WHAT IS EXPECTED
Print the data once more, exactly as given. Drop the pictures.

** INPUT MATERIAL follows **

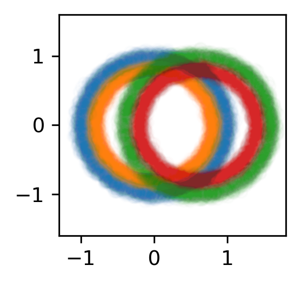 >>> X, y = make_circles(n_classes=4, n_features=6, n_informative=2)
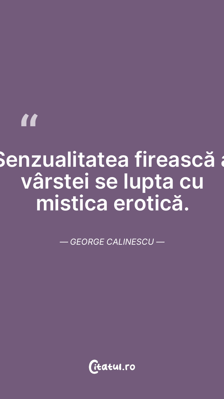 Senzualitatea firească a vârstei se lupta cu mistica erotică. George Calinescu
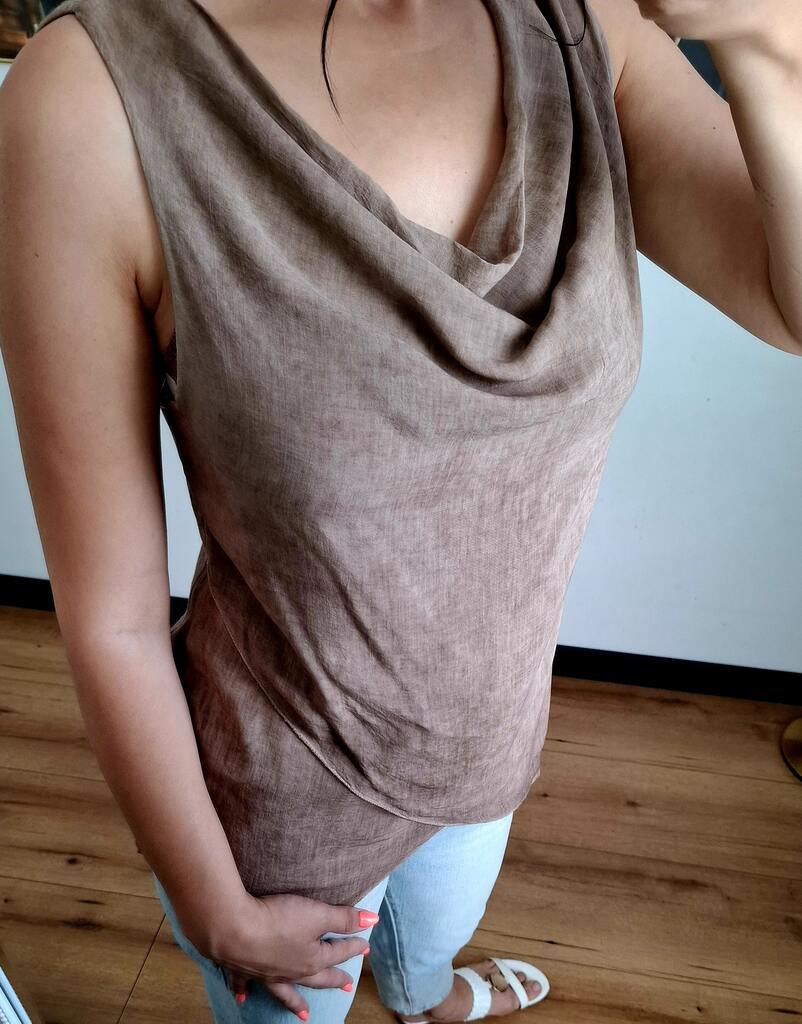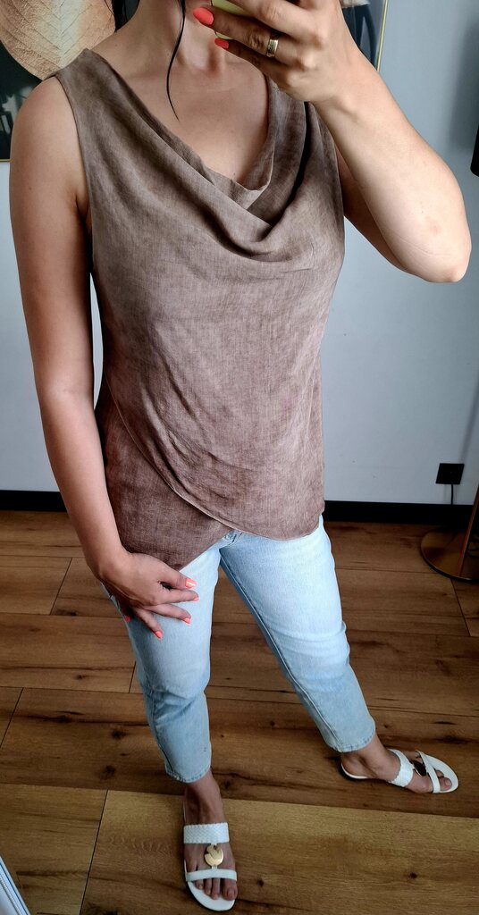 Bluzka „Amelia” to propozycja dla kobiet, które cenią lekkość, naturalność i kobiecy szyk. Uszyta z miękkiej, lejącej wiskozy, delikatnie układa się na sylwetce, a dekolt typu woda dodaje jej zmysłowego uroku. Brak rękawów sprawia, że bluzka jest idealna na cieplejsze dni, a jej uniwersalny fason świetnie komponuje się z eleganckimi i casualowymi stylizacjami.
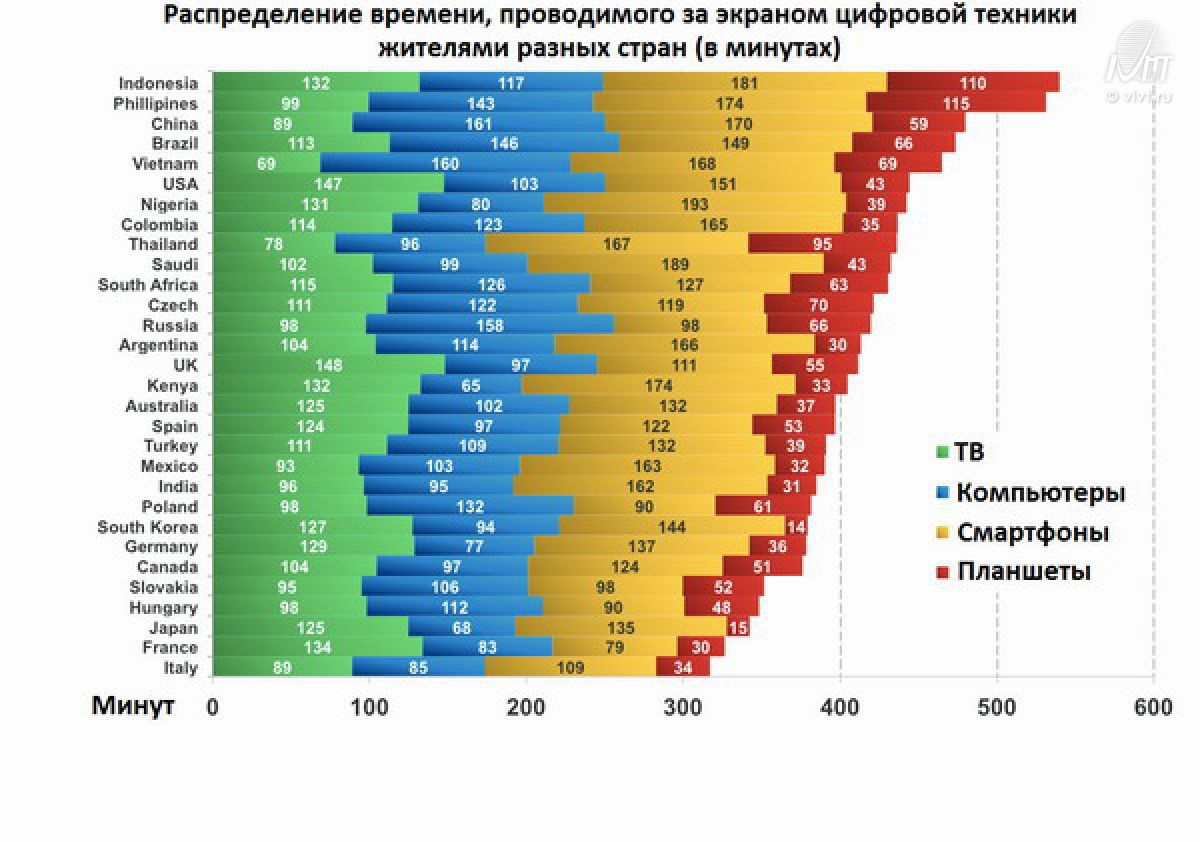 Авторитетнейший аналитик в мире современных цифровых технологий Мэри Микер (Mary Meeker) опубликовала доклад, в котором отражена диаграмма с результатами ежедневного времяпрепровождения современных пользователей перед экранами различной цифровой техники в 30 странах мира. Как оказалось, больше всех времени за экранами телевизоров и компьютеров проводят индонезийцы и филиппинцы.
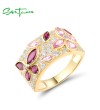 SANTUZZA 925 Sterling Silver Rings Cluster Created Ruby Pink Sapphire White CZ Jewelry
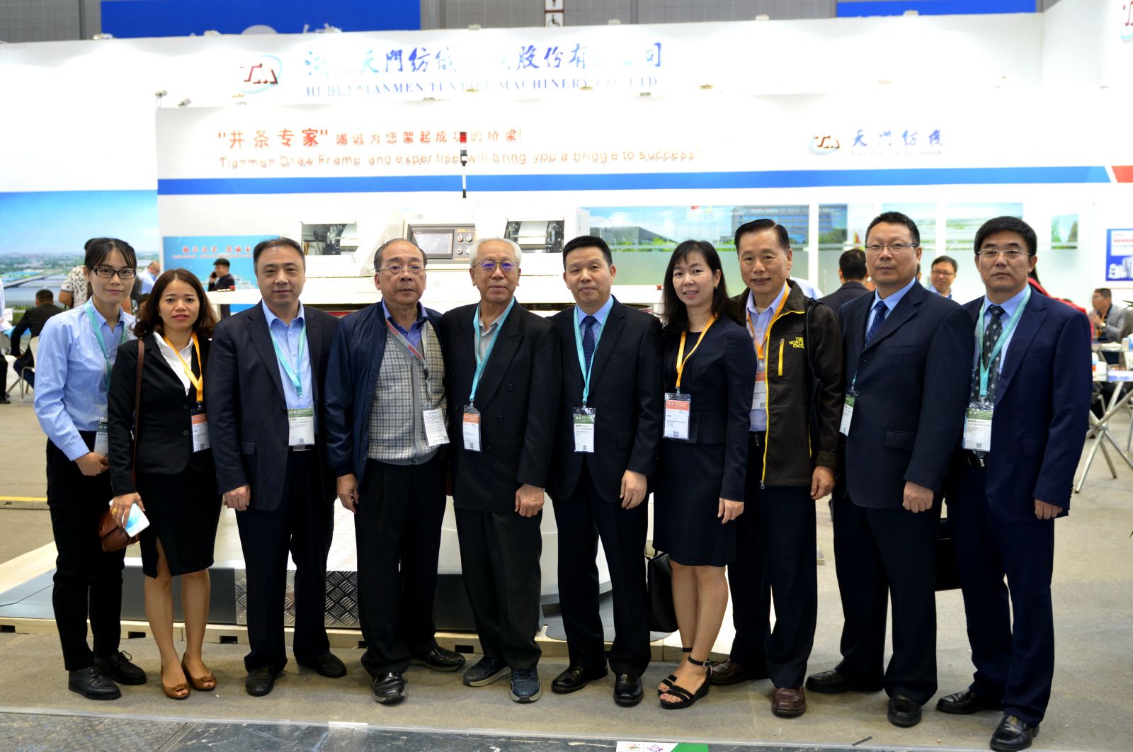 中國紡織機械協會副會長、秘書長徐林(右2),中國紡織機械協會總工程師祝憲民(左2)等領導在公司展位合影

** End of INPUT MATERIAL **

ANSWER SECTION
 >>> X, y = make_circles(n_classes=4, n_features=6, n_informative=2)
 Senzualitatea firească a vârstei se lupta cu mistica erotică. George Calinescu
 Bluzka „Amelia” to propozycja dla kobiet, które cenią lekkość, naturalność i kobiecy szyk. Uszyta z miękkiej, lejącej wiskozy, delikatnie układa się na sylwetce, a dekolt typu woda dodaje jej zmysłowego uroku. Brak rękawów sprawia, że bluzka jest idealna na cieplejsze dni, a jej uniwersalny fason świetnie komponuje się z eleganckimi i casualowymi stylizacjami.
 Авторитетнейший аналитик в мире современных цифровых технологий Мэри Микер (Mary Meeker) опубликовала доклад, в котором отражена диаграмма с результатами ежедневного времяпрепровождения современных пользователей перед экранами различной цифровой техники в 30 странах мира. Как оказалось, больше всех времени за экранами телевизоров и компьютеров проводят индонезийцы и филиппинцы.
 SANTUZZA 925 Sterling Silver Rings Cluster Created Ruby Pink Sapphire White CZ Jewelry
 中國紡織機械協會副會長、秘書長徐林(右2),中國紡織機械協會總工程師祝憲民(左2)等領導在公司展位合影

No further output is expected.